Published online by Cambridge University Press: 30 October 2009
Thou wilt not find my Shepherdesses idly piping on oaten Reeds, but milking the Kine, tying up the Sheaves, or if the Hogs are astray driving them to their Styes. My Shepherd gathereth none other Nosegays but what are the growth of our own Fields, he sleepeth not under Myrtle shades, but under a Hedge, nor doth he vigilantly defend his Flocks from Wolves, because there are none, as Maister Spencer well observeth.
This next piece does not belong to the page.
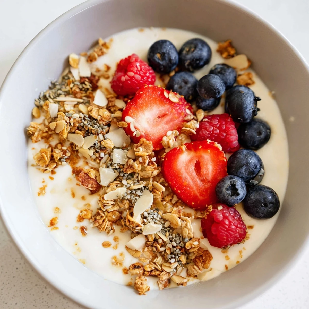 Swap the berries for sliced peach or pear when those are in season, or add a few banana slices if you want something creamier. If you're vegan, plant-based yogurt and vegan protein powder work exactly the same way. The core idea—creamy base, crunchy topping, fresh fruit, a bit of protein—holds up no matter what you do with it.

(John Gay, ‘Proeme’, The Shepherd's Week, 1714)There are, as Gay says, no wolves in the English countryside. The Scottish poet James Thomson had to let his muse wander as far as the mountains of southern Europe, to find wolves for the machinery of sublime terror in his poem ‘Winter’. But their absence from the British Isles is not just of literary significance; it played a key part in the nation's history, for the wealth on which the rise of England as an economic power was based came above all from wool; and one of the first conditions for successful sheep husbandry is the absence of Canis lupus, the most destructive predator of sheep in temperate and subarctic areas. By isolating the absence of wolves, and patting Spenser on the back for having noticed this, Gay means to mock the drawing together of history and literature, and the assignation of literary value according to economic and patriotic criteria.